How do you and Cameron J. Quinn keep consistency across multiple novels?
It’s tricky! We discuss our work throughout the process and have a running timeline in a Google Doc where we put all world-changing events including–but not limited to–zombie testing facilities, huge explosions, alien invasion, and so forth. Whenever anything big is going to happen we jump on a video-chat and hash it out with the existing canon. Reading the other books in the world isn’t necessary to understand either of our series, and her subgenres are urban fantasy vs. my hard sci-fi, but it certainly adds to the world.
You happen to hit two big checkmarks for me – archeology and Tiny Homes. How has your archeology background reflected your writing?
I love it when I find a fellow arch nerd! Unlike Nel, I do contract archaeology, which is a strange hybrid between a migrant cowpoke lifestyle and field science. Archaeology affords me the ability to travel to more obscure, rural places. Many of the anecdotes in Nel Bently are directly inspired by the places and people I encounter. Additionally, archaeology is the study of how people lived and related to one another and their environment in the past. Writing, for me, is essentially the same search for the how and why of characters–ultimately searching for the truth of the story. The only difference is the first requires steel-toes and shovels and the latter a mental machete and the arguably more dangerous wilderness of my mind.

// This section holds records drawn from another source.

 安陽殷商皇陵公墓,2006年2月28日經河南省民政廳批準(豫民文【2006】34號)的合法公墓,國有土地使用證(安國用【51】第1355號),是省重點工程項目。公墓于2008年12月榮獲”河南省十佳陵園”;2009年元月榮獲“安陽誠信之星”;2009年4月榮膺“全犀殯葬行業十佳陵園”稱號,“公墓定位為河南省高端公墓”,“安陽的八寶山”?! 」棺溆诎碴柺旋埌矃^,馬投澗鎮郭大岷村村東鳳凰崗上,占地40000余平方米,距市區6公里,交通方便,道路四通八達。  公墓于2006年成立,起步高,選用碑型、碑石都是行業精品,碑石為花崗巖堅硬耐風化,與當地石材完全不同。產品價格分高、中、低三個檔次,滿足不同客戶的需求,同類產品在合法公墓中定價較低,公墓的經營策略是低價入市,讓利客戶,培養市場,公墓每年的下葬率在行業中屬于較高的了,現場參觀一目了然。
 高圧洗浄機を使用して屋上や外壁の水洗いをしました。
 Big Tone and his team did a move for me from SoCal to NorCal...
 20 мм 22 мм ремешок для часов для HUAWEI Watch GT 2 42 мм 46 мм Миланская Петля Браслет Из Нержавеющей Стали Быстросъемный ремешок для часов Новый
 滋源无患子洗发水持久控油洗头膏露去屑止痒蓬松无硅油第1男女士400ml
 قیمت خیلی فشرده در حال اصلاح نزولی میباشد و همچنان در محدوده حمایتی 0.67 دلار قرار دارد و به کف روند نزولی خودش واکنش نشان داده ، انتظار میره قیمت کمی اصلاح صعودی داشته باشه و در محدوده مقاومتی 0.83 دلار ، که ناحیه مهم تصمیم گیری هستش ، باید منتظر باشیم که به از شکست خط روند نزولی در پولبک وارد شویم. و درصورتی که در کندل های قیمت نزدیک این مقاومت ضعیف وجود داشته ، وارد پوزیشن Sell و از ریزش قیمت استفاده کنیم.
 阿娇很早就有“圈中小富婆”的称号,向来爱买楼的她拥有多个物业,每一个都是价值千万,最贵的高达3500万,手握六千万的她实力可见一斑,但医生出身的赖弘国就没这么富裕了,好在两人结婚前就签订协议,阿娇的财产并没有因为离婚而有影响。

What is it like living in a Tiny Home?
An adventure! I built it myself over several years while staying with my parents to help care for my father. As far as size goes, both my spouse and I are used to small quarters, since I married a fellow archaeologist. The tiny house is larger and better designed than the vast majority of the motels we wind up in, and we’re used to giving each other space without actually physically having “space.” A lot of the tiny house depictions romanticize it an uncomfortable way, but tiny living was a way to pay for housing out of pocket (which is why it took 5 years to build 272 sq feet!), but finding places to park isn’t easy, and we were privileged to have a space to stay while we built. In this country it’s the only way we can afford to have a place of our own, though, and we’re happy to make a few sacrifices for that.
Any advice you’d like to share with aspiring authors?
The publishing industry is daunting and full of gatekeepers–stick to your guns, and when you’re uncertain or pulled from your moorings, look within. Writing is a marathon, so don’t quit your day job right away! This work is hard, but so worth it.
Let’s thank V. S. Holmes for joining us again to the blog!
Thank you so much for having me by–what great questions!